Cervical Spine Disorders : Craniovertebral instability



At all ages people with Down syndrome are at increased risk for neurological problems caused by cervical spine disorders. In childhood, craniovertebral instability is the predominant issue, occurring in 7– 27% of children with Down syndrome. Symptomatic instability only occurs in 1-2%, but potentially devastating consequences are well documented.

There is no good evidence that asymptomatic individuals are more at risk of cervical spine injury than the general population. Those with Down syndrome should not be barred from any sporting activities unless there are symptoms or signs to suggest instability .Clinical screening criteria have been developed by the British Gymnastics Association for specialised sports such as trampolining.

Identifying those at risk is not straightforward.

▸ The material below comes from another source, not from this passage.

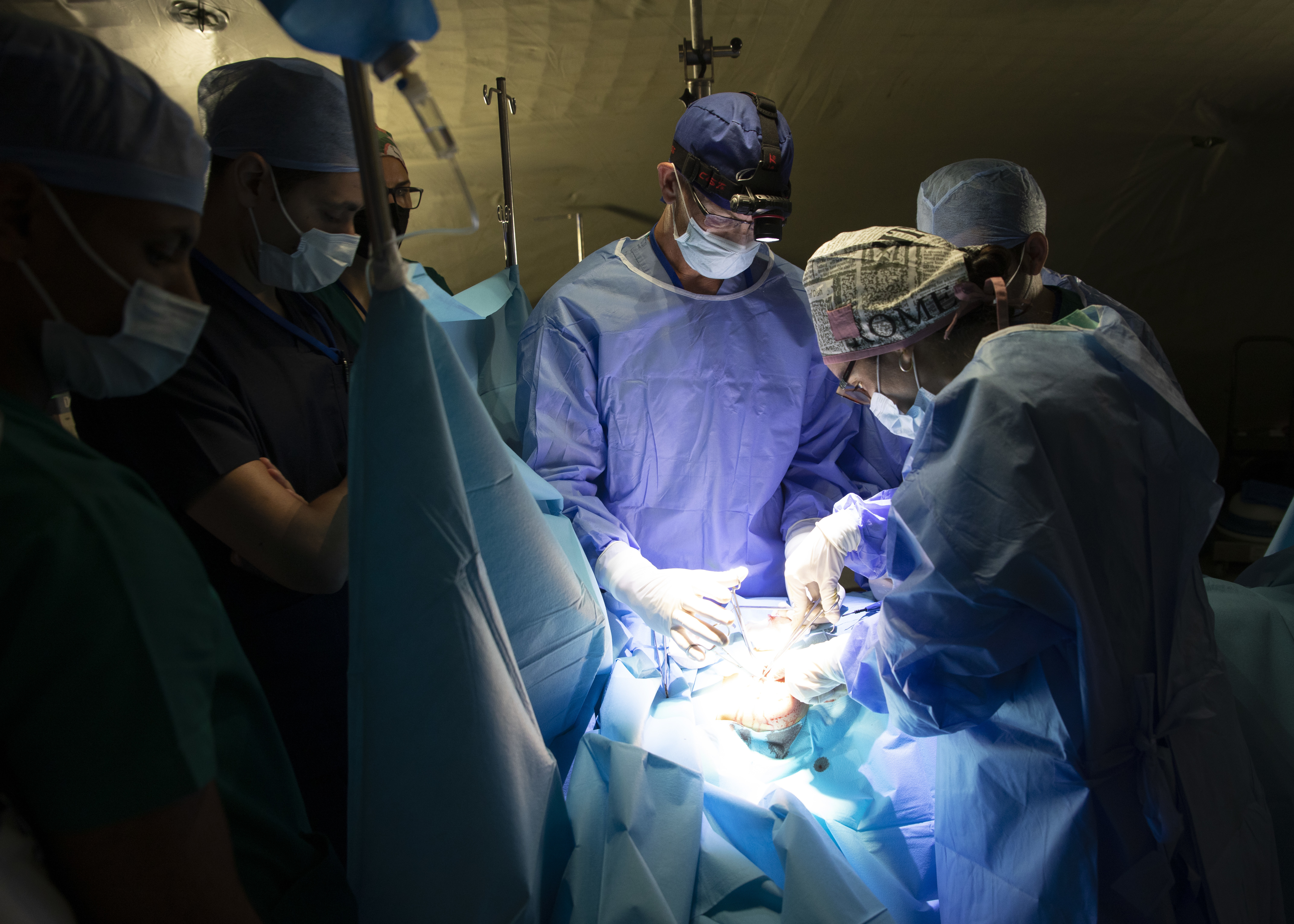 U.S. Air Force and Royal Moroccan Armed Forces medical providers perform a lumpectomy at the Military Medical Surgical Field Hospital in Tafraoute, Morocco on June 16, 2021 during African Lion 2021. African Lion 2021 is U.S. Africa Command's largest, premier, joint, annual exercise hosted by Morocco, Tunisia, and Senegal, 7-18 June. More than 7,000 participants from nine nations and NATO train together with a focus on enhancing readiness for U.S. and partner nation forces. African Lion 21 is multi-domain, multi-component, and multinational exercise, which employs a full array of mission capabilities with the goal to strengthen interoperability among participants. (U.S. Air National Guard photo by Tech. Sgt. Annie Edwards)

Routine X ray screening is not recommended as X rays have poor predictive value and can be difficult to interpret.

Emphasis is therefore on recognizing potential warning symptoms of craniovertebral instability, including

 change in gait or use of arms or hands,
 change in bowel or bladder function,
 neck pain,
 stiff neck,
 head tilt,
 how the child positions his or her head,
 change in general function, or weakness.

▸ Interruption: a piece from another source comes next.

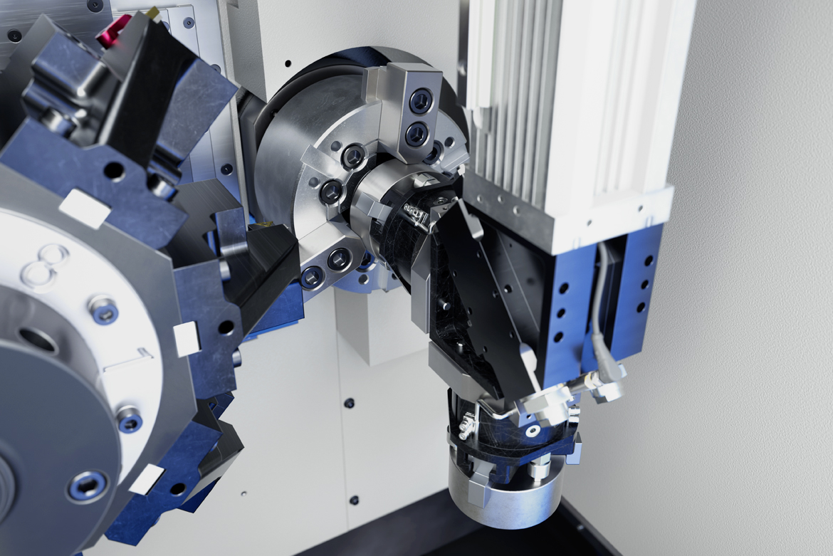 The two servo-controlled turrets, each with 8 tool positions, are the heart of the machine. The BMT interface allows it to accommodate boring bars with a diameter of up to 40 mm for internal machining and tools with a shank of 25 x 25 mm for external machining. The servo-controlled indexing in combination with hydraulic clamping enables short tool change times with high positioning accuracy.

Clinicians should be aware of signs and symptoms such as:

 Easy fatigability;
 Difficulties in walking;
 Abnormal gait;
 Neck pain;
 Torticollis or head tilt;
 Incoordination and clumsiness;
 Sensory deficits;
 Extensor-plantar reflex;
 Other upper motor neuron and posterior column signs and symptoms.

Symptomatic AAI is an emergency and requires prompt referral to acute services. 

Anaesthetists and ambulance personnel should take into account that unconscious children with Down syndrome may be at increased risk of cervical spine injury, especially if they have warning signs of potential craniovertebral instability. Pre-operative X rays in asymptomatic children are not indicated.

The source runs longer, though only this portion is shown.